Sonra da şöyle konuştu: «Savlar ve gerekçeler, tartışmaya katılanlar olarak sizin üzerinizde bir izlenim bırakabilir. Bizi ilgilendiren, sizlerin bu yolla birbirinizi karşılıklı olarak etkileyebilmeniz ve bu etkilemenin semptomlarıdır. Bizi ilgilendiren tartışmanın olgusal içeriği değil, tartışmacıların oynadıkları roller, bu rollerin karşılıklı etkileridir. Sözde savlara gelince, bunlar sözel davranışın yalnızca bir yönü ve diğer yönlerinden daha önemli olmayan bir yönüdür. Savlarla diğer etkileyici sözler arasında ayrım yapılabileceği, tümüyle öznel bir yanılsamadır. Bu, nesnel olarak geçerli ve nesnel olarak geçersiz savlar ayrımı bakımından da söz konusudur. Zorunlu olursa, savları, onları belirli zamanlarda geçerli ya da geçersiz kabul eden toplumlara göre sınıflandırmak mümkündür. Zaman öğesinin de bir rolü olduğu, bu grup gibi bir tartışma grubunda, belirli bir aşamada kabul gören, görünürde geçerli bazı savların daha sonraki bir aşamada katılanların biri tarafından reddedilmesi ya da saldırıya uğramasından da anlaşılmaktadır.»

Bu öyküyü anlatmaya devam etmek istemiyorum. Antropolog dostumun sergilediği biraz aşırı tutumun düşünsel kaynağında yalnızca davranışçı nesnellik idealinin değil, Alman topraklarında gelişip serpilen bazı fikirlerin de etkisi olduğuna işaret etmeyi gereksiz buluyorum. Kastettiğim, felsefi görecilik (relativism) düşüncesidir: nesnel gerçek diye bir şey olmadığını, şu ya da bu çağ için geçerli gerçekler olduğuna inanan tarihsel görecilik ile şu ya da bu sınıf, grup ya da meslek için geçerli gerçekler ya da bilimler (proleter bilimi ve burjuva bilimi gibi) olduğunu savunan sosyolojik görecilik. Bu tutumdan bilgi sosyolojisinin de sorumlu olduğuna inanıyorum, çünkü bilgi sosyolojisi antropolog dostumun dile getirdiği dogmaların tarih-öncesine katkıda bulunmuştur. Evet, antropolog dostum o konferansta aşırı denebilecek bir tutum sergiledi. Ama bu tutum, özellikle biraz değişik haliyle, né atipik ne de önemsizdir.

Ancak, bu tutum saçmadır. Tarihsel görecüiği, sosyolojik göreciliği ve bilgi sosyolojisini başka yerlerde ayrıntılı olarak eleştirmiş olduğum için, burada bu konulara girmeyeceğim. Burada yalnızca söz konusu tutumun ardında yatan, sığ ve saptırılmış bilimsel nesnellik düşüncesini kısaca tartışacağım.

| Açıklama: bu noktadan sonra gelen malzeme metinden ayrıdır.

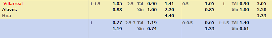 - Mức kèo nhà cái đưa ra trận này: Villarreal chấp 1,25 Trái. Villarreal ăn 1,05. Alaves ăn 0,88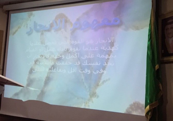 نفذ قسم اللغة الإنجليزية بكلية العلوم والدراسات الإنسانية بحوطة بني تميم يوم الخميس الموافق 26 /5 /1438هـ برنامجًا بعنوان (هل تريد أن تصبح ذا إنجاز؟) بمسرح الكلية، تهدف الفعالية إلى تحفيز الأفراد نحو الإنجاز والإبداع وأن لا يقف الفرد عند العقبات في طريقه للوصول إلى ما يصبو إليه كما تهدف إلى الحث على تحديد الأهداف وأن تقيِّم الخطوات ليرى الفرد أين هو من هدفه الذي يرمي إلى تحقيقه وتحريك الفرد وتوجيهه نحو طموحاته إلى جانب عرض بعض الشخصيات المنجزة كأمثلة يقتدون بها بالإضافة إلى تشجيع الأفراد نحو التفوق والاعتزاز بقدراتهم و إحترامهم لذاتهم. كما تم خلال الفعالية العرض التقديمي الذي تضمن العديد من الفديوهات والصور والأناشيد المختارة. وأيضا اشتمل على ركن خاص ساهم في نشر التوعية بأهمية الإنجاز من خلال ما يحتويه من منشورات وعبارات وصفحات.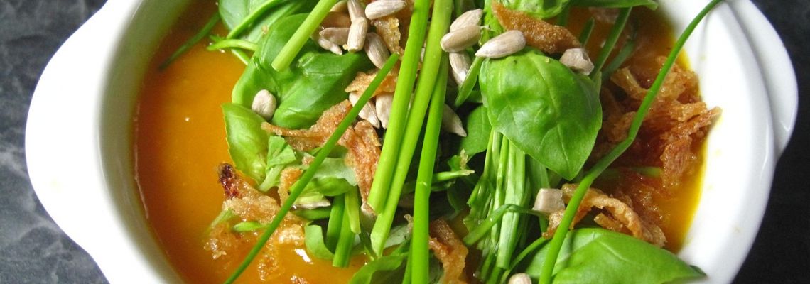 - Gebruik een staafmixer om de soep glad te pureren. Breng op smaak met zout en peper.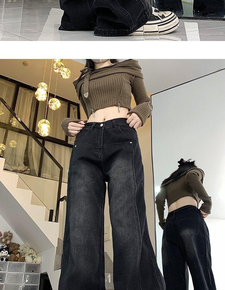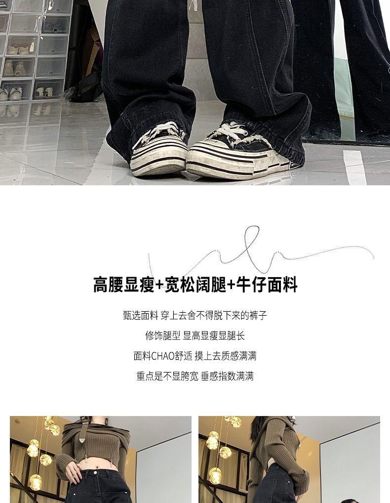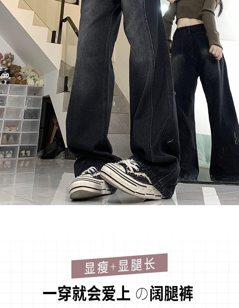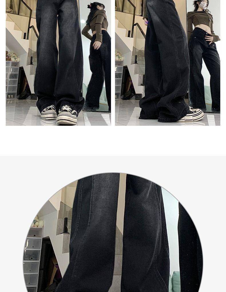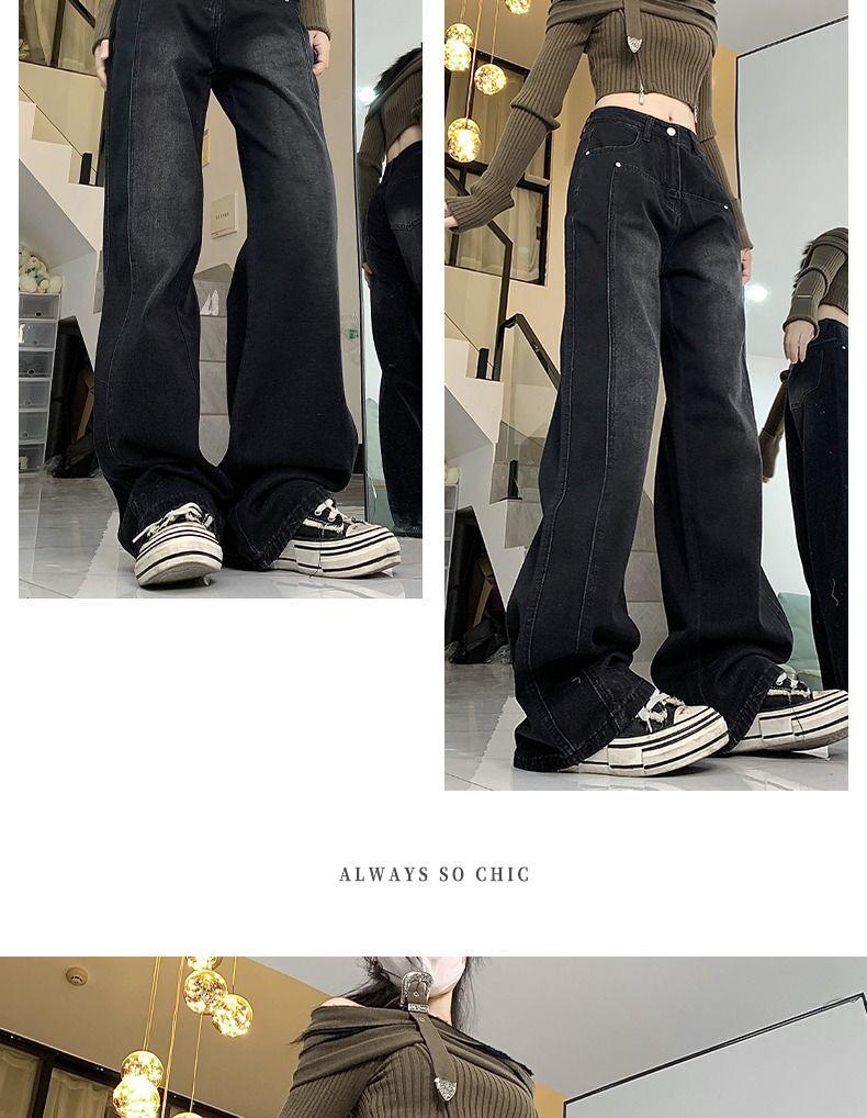 Pantalones vaqueros negros y grises para mujer, de otoño, nuevos, de talla grande, para chica gordita, de cintura alta, sueltos, rectos, adelgazantes, con forma de pera, de pierna ancha.

Onbirinci tez : Bilimin nesnelliğinin bilim adamının nesnelliğine bağlı olduğunu düşünmek, bir yanılgıdır. Doğa bilimcisinin tutumunun toplum bilimcinin tutumundan daha nesnel olduğuna inanmak da bir yanılgıdır. Doğa bilimci de diğer tüm kişiler gibi bir taraftır ve sürekli olarak yeni fikirler üreten ender insanlardan biri değilse, ne yazık ki, beğendiği fikirleri tek yanlı ve partizanca kayıran önyargıları vardır. Günümüzün Önde gelen fizikçilerinden bazıları da yeni fikirlere güçle direnen düşünce okulları kurmuşlardır. Ancak, tezimin daha da önemli bir olumlu yanı da vardır. O da onikinci tezimin içeriğini oluşturuyor.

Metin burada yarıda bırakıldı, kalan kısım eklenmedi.